В коридоре, ведущем в спальню, стояла корзина с чистой, но не глаженой одеждой, и она оделась в то, что смогла найти там, вместо того, чтобы открыть шкаф в спальне. Лифчик, трусы, синяя джинсовая юбка. Все блузки были мятыми. Она вытащила одну и натянула сверху свитер, надеясь, что день будет не жарким.
Зазвонил будильник у кровати. Она прислушалась к нему, наблюдая, как ерзают девочки. Билли вышел, наполовину проснувшийся, пересек коридор в одних трусах и выключил его. Затем, не глядя на мать, поплелся обратно в свою комнату и сел на кровать, зевая и собираясь с силами, чтобы одеться.
– Спасибо, Билл, – сказала Карлотта.
Что ей теперь делать? Болела каждая мышца. Времени на кофе не осталось. В службе социального обеспечения жутко разозлятся, если она пропустит даже один день. Карлотта чувствовала себя несчастной.
На кухне Карлотта поставила на стол фрукты и коробку кукурузных хлопьев на завтрак. Перед уходом разбудила девочек в школу. В доме было душно и тесно. Она вышла на яркий дневной свет, села в машину и поехала в школу секретарей.
2
1:17, 14 октября 1976
Карлотта спала на огромной кровати. Она проснулась от шороха в стенах, похожего на мышиную возню. Будто они скреблись, пробирались наружу. Затем почувствовала ужасный запах. Вонь протухшего мяса. Карлотта вскочила.
Ее ударили по левой щеке. От удара она повернулась, почти упала, но выставила руку вперед. Потом эту руку схватили. Лицо прижали к одеялу. Сильно придавили шею сзади.
Карлотта брыкалась, но никого не задела. Сильная рука обхватила женщину за талию и потянула вверх, ставя на четвереньки. Ночнушку задрали на спине и взяли Карлотту сзади. Гигантское нечто быстро нашло вход, болезненно протолкнулось внутрь, вдолбившись внутрь так быстро, словно от нее ничего не осталось, кроме этой части, ничего человеческого.
На этот раз одеяло на лице Карлотты не превратилось в кляп, как прошлой ночью, когда она чуть не задохнулась под подушкой. Женщина могла почти кричать сквозь комок шерсти. Как бы рука ни старалась, она не могла заглушить хрипы и испуганный плач женщины в агонии.
Послышался смех. Искаженный смех. Не мужской и не женский. Мерзкий и похотливый. За ней наблюдали.
– Давай, сучка, – голос ликующе захохотал.
Карлотта прикусила руку. Что она укусила? Было ли оно материальным? Да, зубы впились во что-то мягкое, но оно легко высвободилось. От удара по затылку в глазах помутнело. Почему он не кончил? Сотрясалась вся кровать.

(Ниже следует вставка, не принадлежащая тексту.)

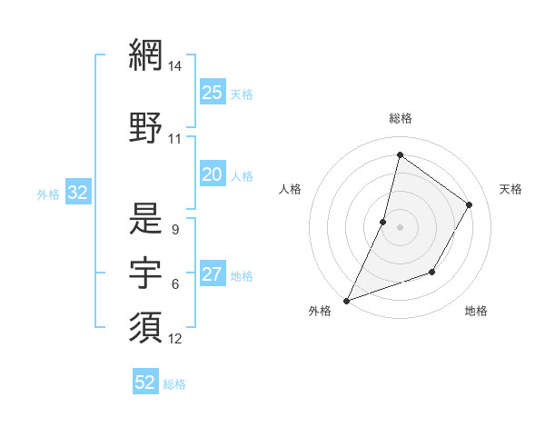 網野 是宇須さんを姓名の画数から五運を鑑定

Включился свет. Прямо как вчера. Только на этот раз в дверях стоял не Билли, а сосед, Арнольд Гринспан. Гринспан выглядел нелепо. Старик с костлявыми коленками, под пальто пижама, в руках монтировка. Что такой немощный старичок может сделать этой монтировкой? Он выглядел напуганным до смерти.
– Миссис Моран! – кричал он. – Миссис Моран!!! Что случилось?
Так странно, что он кричал изо всех сил, хотя стоял всего в паре метров. Зачем так орать? Потому что вопила и Карлотта. Она пыталась замолчать, но ее тело тряслось от спазмов и хрипов.
– Миссис Моран!!! – все, что мог сказать сосед.
Из-под локтя Гринспана показалось перепуганное лицо Билли. Карлотта тупо смотрела на них, дрожа и пища, как животное. Гринспан взглянул на ее грудь, опухшую и красную, будто кто-то ее истязал.
– Билли, – сказал Гринспан, – звони в полицию. Скажи им…
Карлотта пыталась прийти в себя.
– Нет, – выдавила она. – Не надо.
– Миссис Моран, – возразил Гринспан, – вас же…
– Не надо полицию.
Гринспан опустил монтировку. Затем подошел к кровати. Его глаза были влажными. Его голос дрожал от беспокойства.